-- Data for this task follows --
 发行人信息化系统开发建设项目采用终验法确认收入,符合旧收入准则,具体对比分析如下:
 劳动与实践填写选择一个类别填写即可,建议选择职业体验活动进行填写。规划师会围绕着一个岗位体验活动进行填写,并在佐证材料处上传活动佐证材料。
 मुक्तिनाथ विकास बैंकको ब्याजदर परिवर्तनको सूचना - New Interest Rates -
-- Data for this task concluded --
-- Data for this task follows --
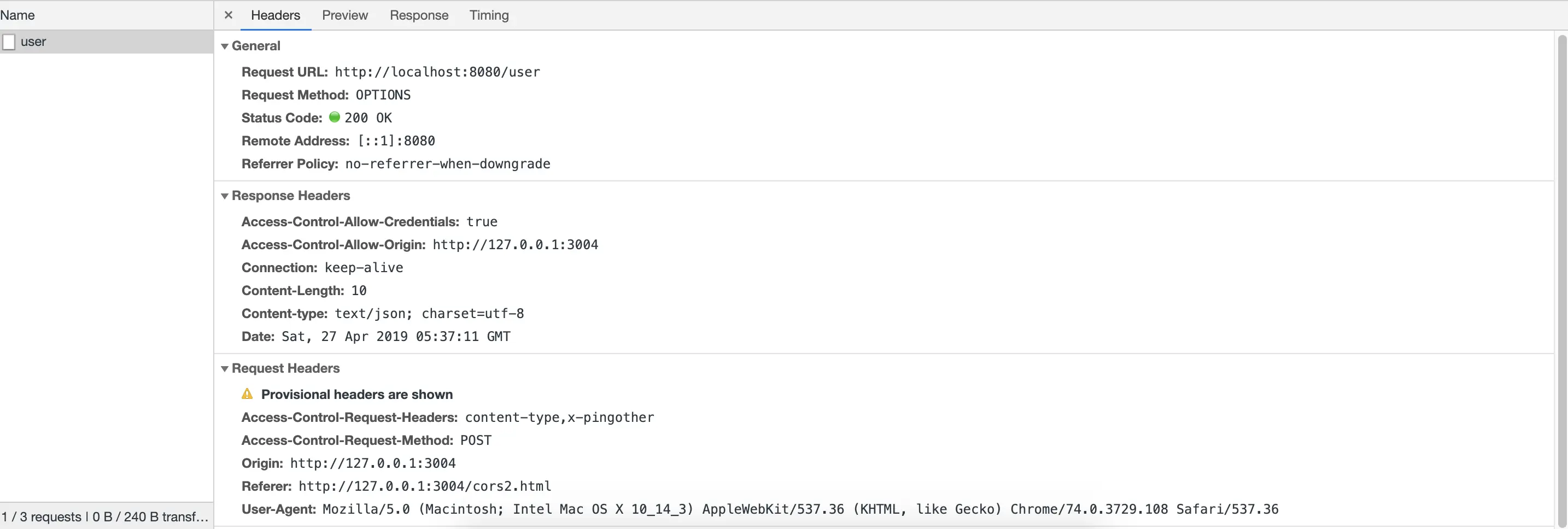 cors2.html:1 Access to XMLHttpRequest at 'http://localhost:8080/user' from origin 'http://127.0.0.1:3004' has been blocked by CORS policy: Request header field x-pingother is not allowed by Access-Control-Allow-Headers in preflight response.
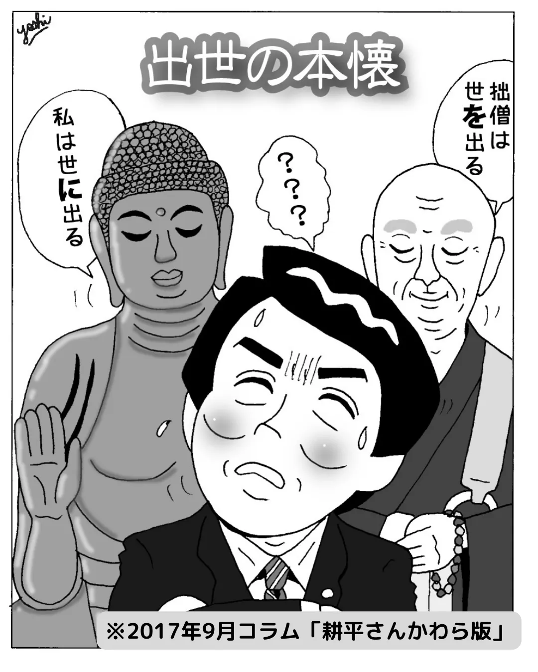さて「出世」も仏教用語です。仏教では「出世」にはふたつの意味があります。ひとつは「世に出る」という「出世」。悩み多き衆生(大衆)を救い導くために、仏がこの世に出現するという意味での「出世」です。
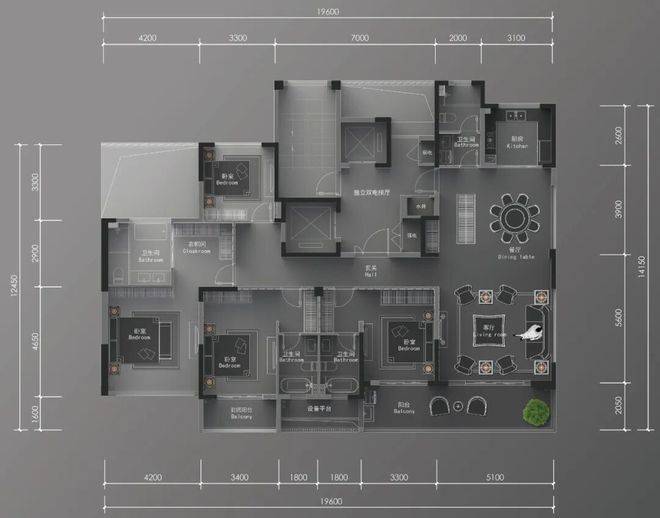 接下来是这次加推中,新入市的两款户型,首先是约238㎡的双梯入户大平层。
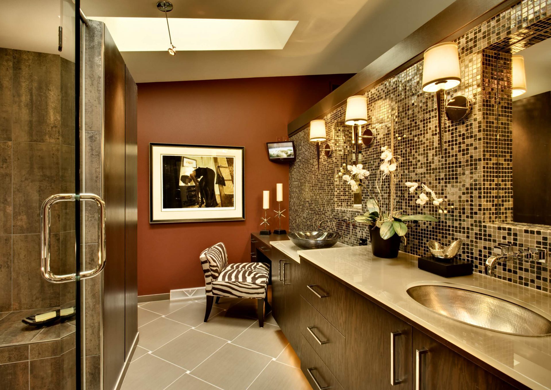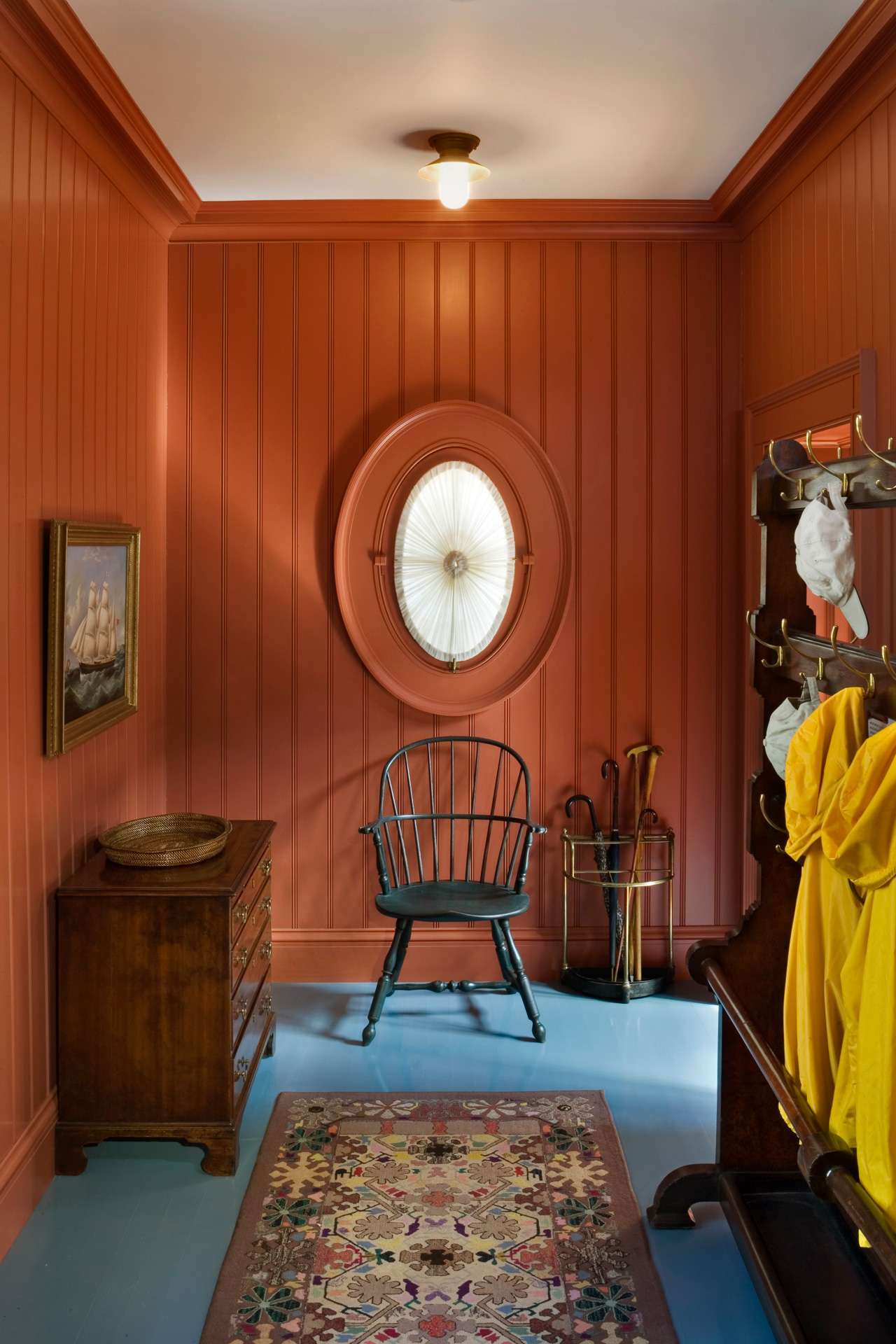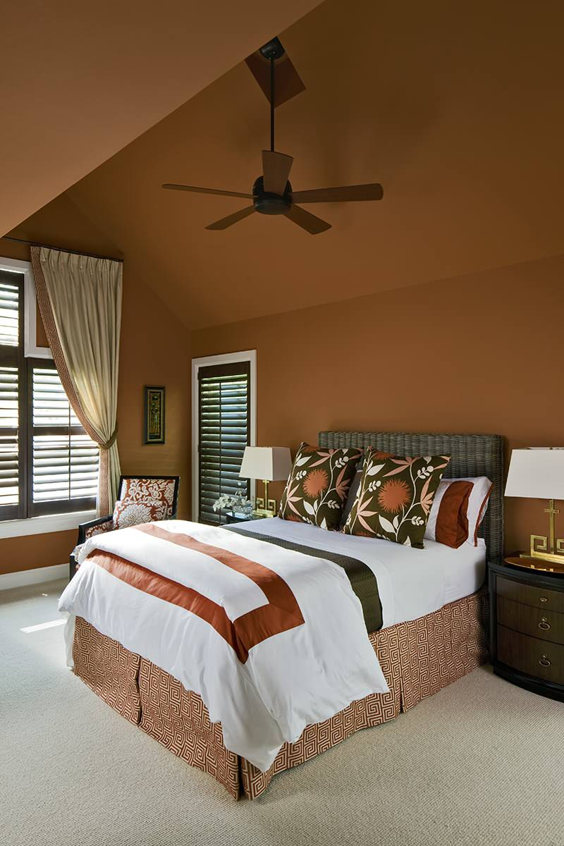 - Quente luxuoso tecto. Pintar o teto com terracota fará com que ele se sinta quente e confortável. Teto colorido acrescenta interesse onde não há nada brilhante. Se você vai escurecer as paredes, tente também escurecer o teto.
-- Data for this task concluded --
Write out word for word the lines of the listing above from the line with "cors2.html:1 Access to" to the line with "接下来是这次加推中,新入市的两款户型,首先是约238㎡的双梯入户大平层。", taking in both of those lines but no pictures.

 cors2.html:1 Access to XMLHttpRequest at 'http://localhost:8080/user' from origin 'http://127.0.0.1:3004' has been blocked by CORS policy: Request header field x-pingother is not allowed by Access-Control-Allow-Headers in preflight response.
さて「出世」も仏教用語です。仏教では「出世」にはふたつの意味があります。ひとつは「世に出る」という「出世」。悩み多き衆生(大衆)を救い導くために、仏がこの世に出現するという意味での「出世」です。
 接下来是这次加推中,新入市的两款户型,首先是约238㎡的双梯入户大平层。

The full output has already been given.